Each generation of Intel CPU chip has performed this operation in fewer clock cycles than the previous generation.
- A 386 CPU required a minimum of 6 clock ticks to add two numbers.
- A 486 CPU could generally add two numbers in two clock ticks.
- A Pentium CPU could add two numbers in a single clock tick.
- A modern processor can add two to six pairs of numbers in a single clock tick. If it discovers that the next instruction needs data that hasn’t arrived from slow memory, it can rearrange things to execute subsequent instructions until the data arrives.
After the Pentium, however, each new generation of CPU used ever more complex circuitry to make incrementally smaller improvements in performance. When programs were single threaded and ran on only one CPU, this effort was the best chip designers could do. However, for the last five years programmers have been aware of bulk instructions (doing one thing to two blocks of numbers instead of just a pair of numbers) and threading (running two parts of your program on two different processors at the same time). Some highly parallel or low power devices have taken several steps back and returned to the original first generation Pentium design when CPU design was simplest and efficiency was greatest.
Possible Future: Error Detection
Intel recently published a research paper that suggests a future change in CPU chip design that could lead to faster, better chips. Remember, the CPU clock has to run at a rate that allows each circuit to switch from 0 to 1 or from 1 to 0 before the next clock tick. The clock can be no faster than the slowest circuit. If the clock is too fast, a circuit could be somewhere between 0 and 1 when the period ends, and with an indeterminate value the operation now generates an error.

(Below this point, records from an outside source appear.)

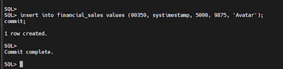 SQL> insert into financial_sales values (00359, systimestamp, 5000, 9875, 'Avatar');
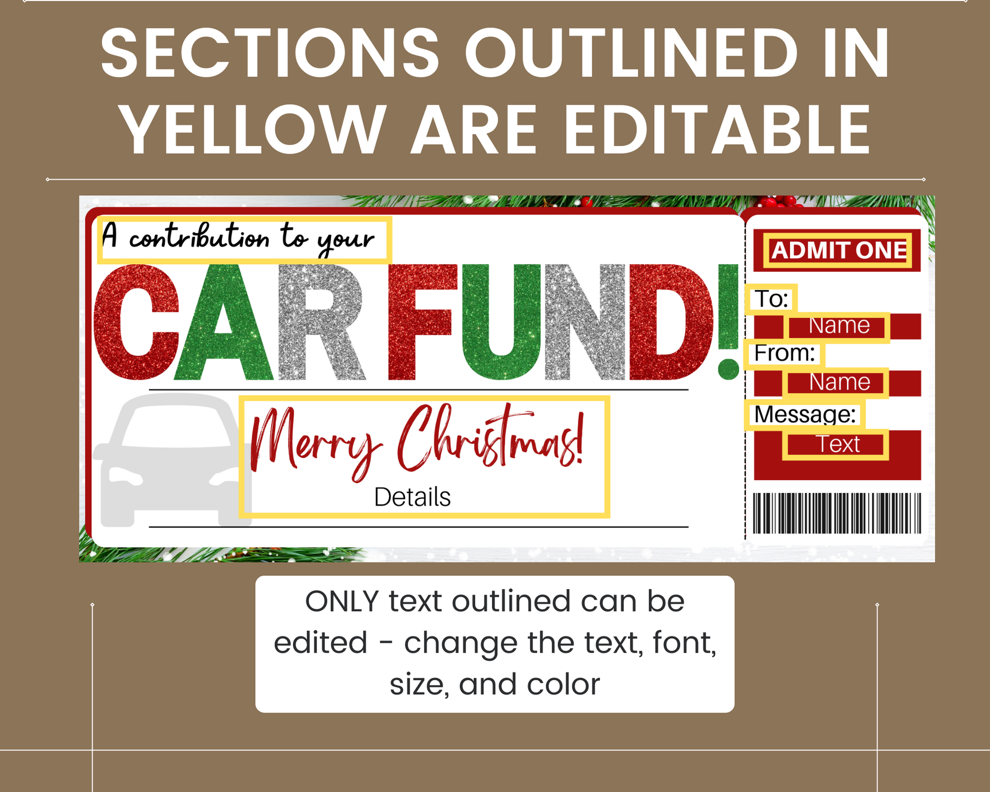 -Editable text is outlined in a yellow rectangle in the listing images. You can change the font, size of the font, colors, and locations if you wish!
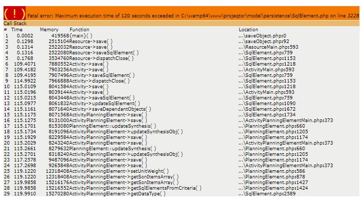 Il need to close a ressource actually associated to more than 160 activites, so ProjeQtor need to close it at the same time. Unfortunatelly it doesn't apparently due to a kind of timeout. Please find attached the error message.
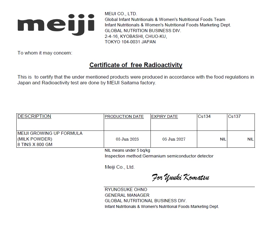 成長配方檢驗報告 罐裝 批號 2025/6/5-產品安全資訊
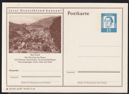 GERMANY (1964) Health spa in Bad Grund*. Postal card (N) with corner illustration.
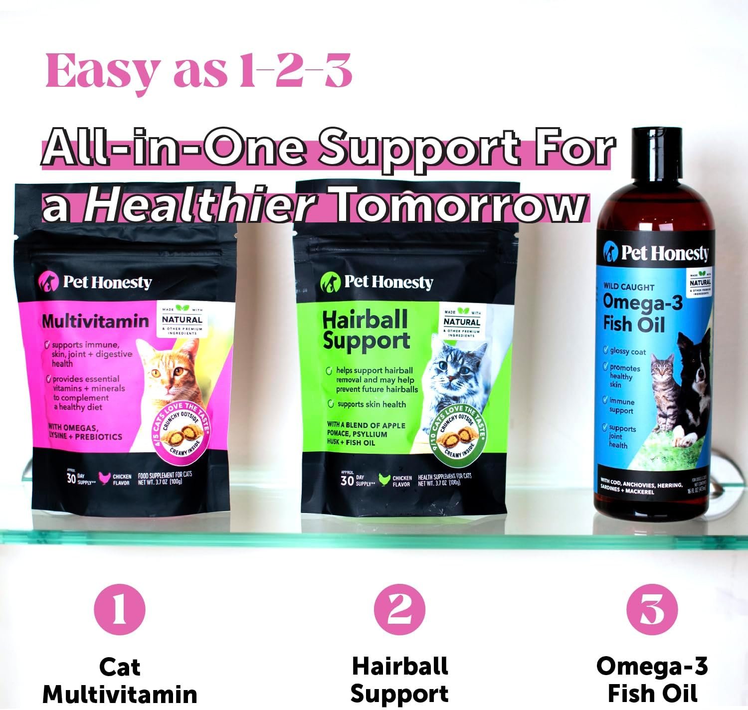 Pet Honesty’s Multivitamin for cats is a delicious, dual-textured supplement that contains essential vitamins, minerals, and nutrients to support your cat’s overall health. Powerful ingredients like Lysine, Beta Glucan, and Omega-3s work together to offer effective support for some of the most important areas of your cat’s health, like their immune system, joints, skin, and digestion. The unique texture format pairs a crunchy outer shell with a creamy, savory filling, offering a taste and texture combination that cats love.
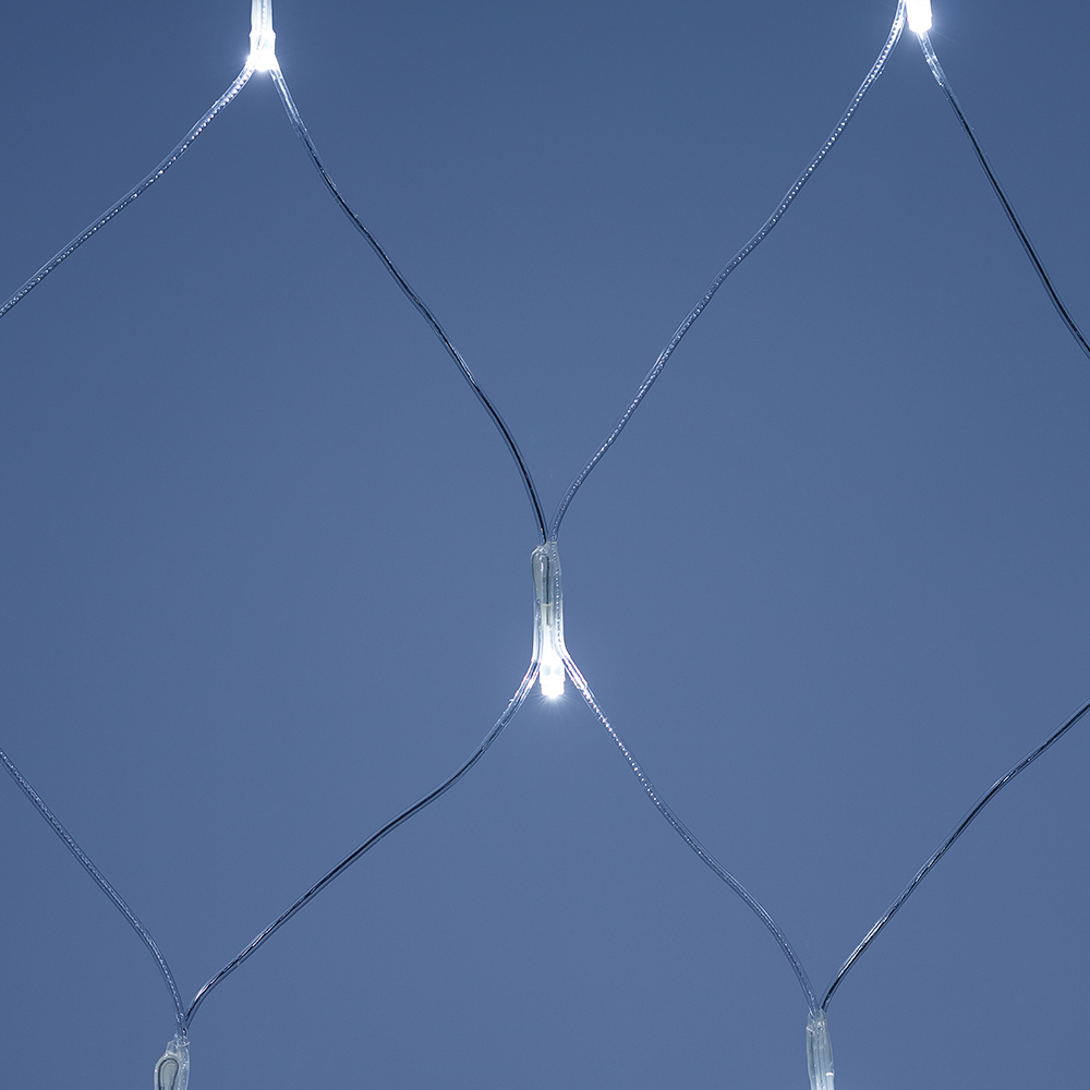 Светодиодная гирлянда "Сеть" серии Home. Размер 1800*1500 мм (длина 1800 мм, высота 1500 мм). Цвет светодиодов БЕЛЫЙ. Материал провода - прозрачный ПВХ. Диаметр провода 2 мм. Количество светодиодов 180 шт. Размер светодиодов 5 мм с вогнутой внутрь линзой. Напряжение питания AC 230V, потребляемая мощность 15W. Гирлянда укомплектована контроллером для смены режимов свечения и сетевой вилкой. Всего 8 встроенных динамических режимов. Степень защиты от воздействия окружающей среды IP20. Температурный режим раб
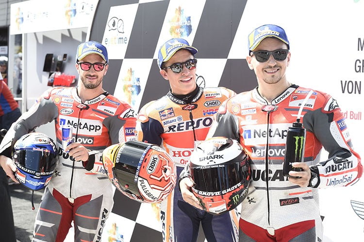 La conclusion sur GPOne est implacable : « Andrea sera notre premier pilote, Danilo son coéquipier.  On n’utilisera pas le mot « co-pilote », mais Dovi a montré qu’il peut gagner le titre, et entre les deux il y a un respect mutuel. Petrucci n’a pas encore gagné, et peut-être que rentrer dans l’équipe officielle lui donnera ce quelque chose en plus qu’il ne peut bien sûr pas avoir dans l’équipe satellite de Pramac ».
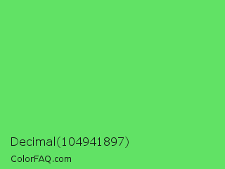 Decimal 104941897 Color is a light green color and the nearest color is Pastel Green #77dd77. Hex code #61e265 and RGB value is rgb(97,226,101). In RGB color space, this color is composed of 38% red, 89% green, 40% blue, In CMYK color space, this color is composed of 57% cyan, 0% magenta, 55% yellow , 11% black , In HSL color space, this color has a hue angle of 122° , 69% saturation and 63% lightness.
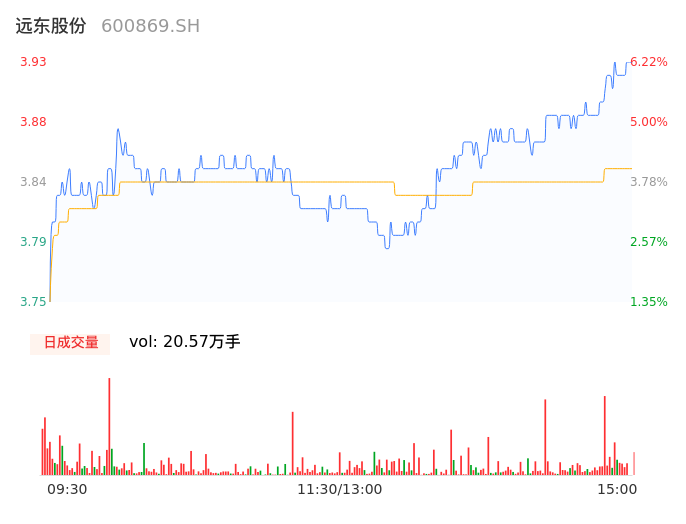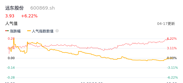 04月17日,远东股份收报3.93,股价涨幅6.22%,成交金额7920.06万元,换手率0.93%。
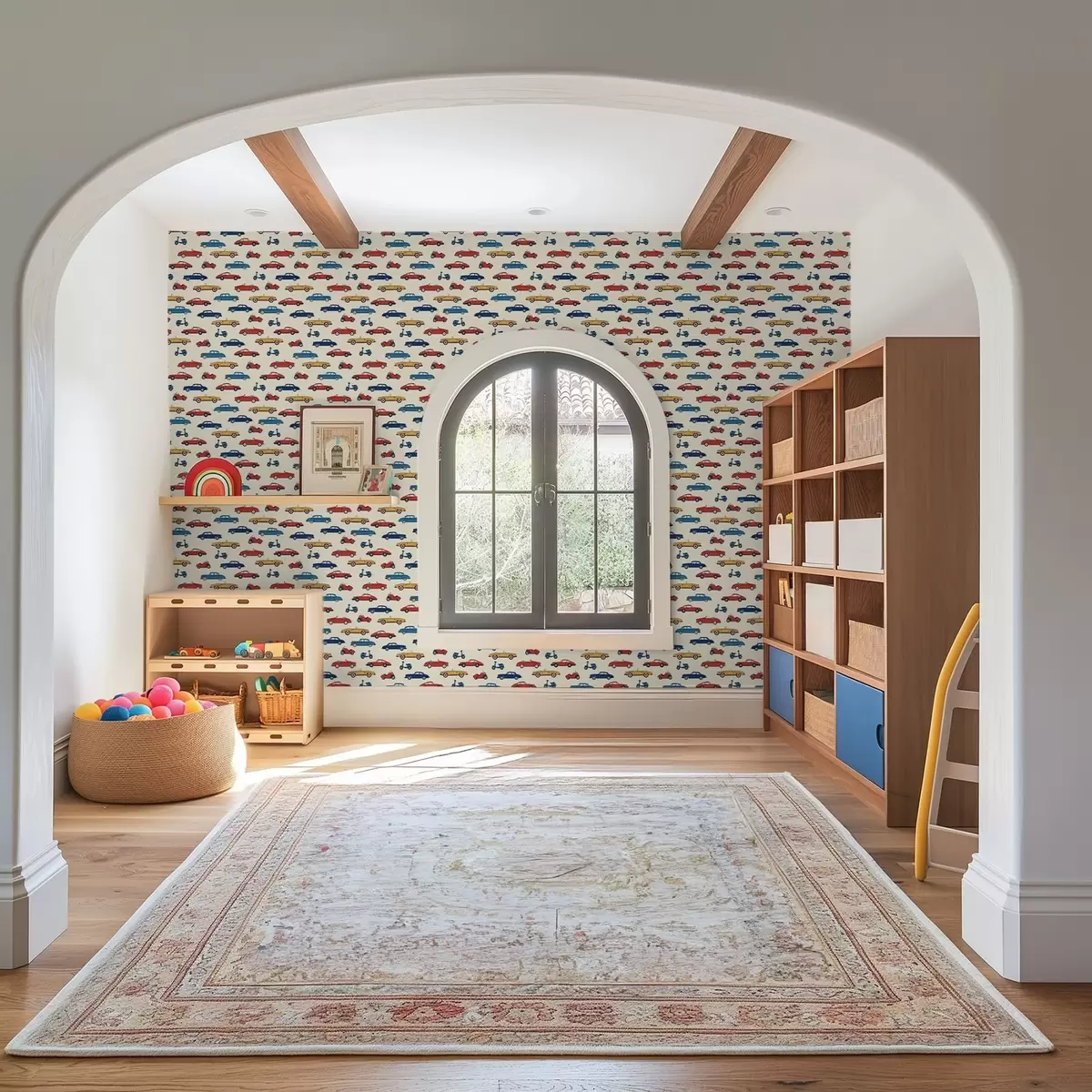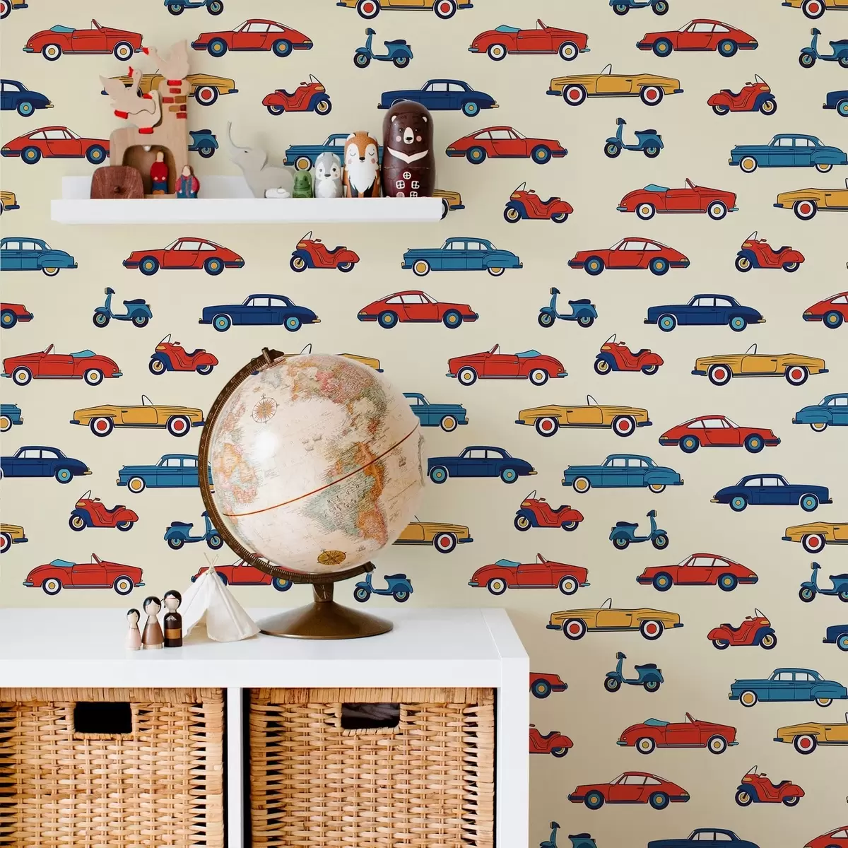 Тапет Ярки ретро автомобили и скутери на светъл фон Nr. a01172v1

For fourty years computer memory on servers has had an error checking function called ECC. Intel knows how this works because in 1972, long before it ever considered building a microprocessor, it was building ECC memory for IBM mainframe computers. ECC adds extra bits to a block of memory, and sets those bits based on a mathematical/logical operation on the value of the other bits. Typically ECC can correct an error in any single bit and detect an error involving more than one bit.
Exactly how to do this in a CPU chip is the Intel research subject. The point, however, is that by adding additional circuits to each internal processing unit in the CPU chip, it should be possible to detect when one of the circuits failed to reach a proper state at the end of the last clock cycle. At that point the CPU chip may miss the next clock cycle reexecuting the failed operation. It doesn’t really matter that error recovery is disruptive, because if it happens infrequently it will have no measurable effect on overall processing power.
Because current CPU chips have no error detection capability, they have to be run with very conservative clock speeds. Intel calculates that if error detection and recovery were built into the CPU, the chips could run one third faster, or sever chips could consume one third less power and generate that much less heat. That is a very, very big gain in exchange for very infrequently missing a clock cycle or two in order to retry a failed operation.
Adding error recovery would be a big change to the design of CPU chips. Intel makes major design changes every other year. It is not clear when this change might become part of their architecture, but the idea is so reasonable and the result will be so powerful that it seems certain they will try hard to make it work.